While the proposed level of microcystins allowed for drinking purposes will not adversely affect the health of most people, patients undergoing renal dialysis treatment may be more susceptible to the associated health risks. Because dialysis patients receive dialysis two or three times per week (exposure to more than 300L of water per week), there is potential for dialysis patients to be exposed to elevated levels of these toxins.

Conventional surface water treatment processes are usually effective in removing the algal cells, but are not very effective at removing or destroying dissolved toxins, particularly from supplies that contain high levels of organic material. Specialized surface water treatment processes can reduce the toxin levels to below the drinking water guideline, but these levels are still of concern for dialysis patients.

Most municipal water treatment plants do not regularly look for cyanobacterial toxins in the water supply. However, because cyanobacteria have strong smells and tastes and interfere with certain water treatment processes, most municipalities with a history of blooms monitor their surface water supplies for cyanobacteria. Once cyanobacteria are detected in the water supply, treatment plants can remove them in a number of ways. Conventional water treatment facilities can remove the cells by adding chemicals that bind them together. As the cells clump together, they become heavier and fall to the bottom of the reservoir or tank, where they can be easily filtered out.

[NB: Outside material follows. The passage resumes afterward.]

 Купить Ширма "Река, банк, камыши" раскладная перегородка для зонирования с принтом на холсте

While this method will remove cells, it will not remove potentially harmful cyanobacterial toxins. These can be removed using certain oxidation procedures or activated charcoal. Further research in this area is required. Generally speaking, chemicals (such as copper sulphate) or any other treatment method that causes the cells to break down and release their toxins should not be used. The best way to avoid the problems associated with cyanobacterial blooms is to prevent blooms from forming. This can be done by reducing the input of nutrients, such as phosphates, into the water source or by mixing the water in a reservoir.

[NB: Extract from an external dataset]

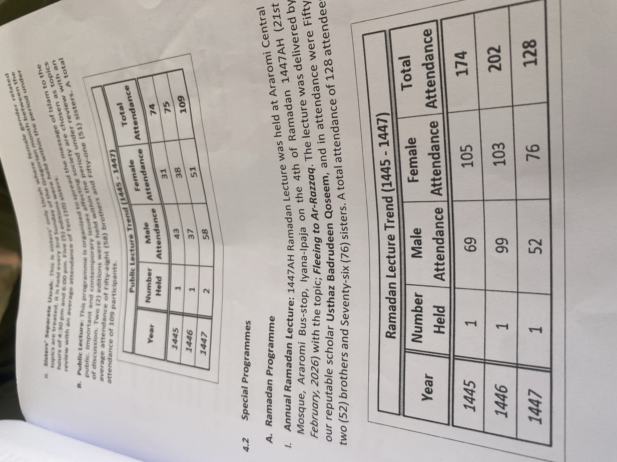 documentation related to special Ramadan programs, including public lectures and annual Ramadan lectures, held by an organization in Nigeria. One specific event detailed is the Annual Ramadan Lecture for 1447AH, which took place at Araromi Central Mosque, located at Araromi Bus-stop, Iyana-Ipaja. This location is within the city of Agege. The lecture focused on the topic "Fleeing to Ar-Razzaq," and was delivered by Usthaz Badrudeen Qoseem. The document provides attendance figures for these events, breaking them down by year (1445-1447) and gender. For the annual Ramadan lecture, 52 brothers and 76 sisters attended, resulting in a total attendance of 128.

If you think your water supply comes from surface water, you or your dialysis treatment provider, should ask your local treatment plant if this source water is prone to blue-green algae blooms. If, after contacting your source water supplier, you discover there may be microcystins in your water, sampling should be done to determine whether the toxins are in the dialysate (hospitals and treatment centers may already have additional treatment capacity in place to eliminate all toxins of this nature). Additional treatment of the water may be necessary. These treatments can range from granular activated carbon filtration followed by reverse osmosis to much more complex membrane filtration systems (e.g., ultra filtration). The extent of additional treatment will depend entirely on the quality of the municipal water supply.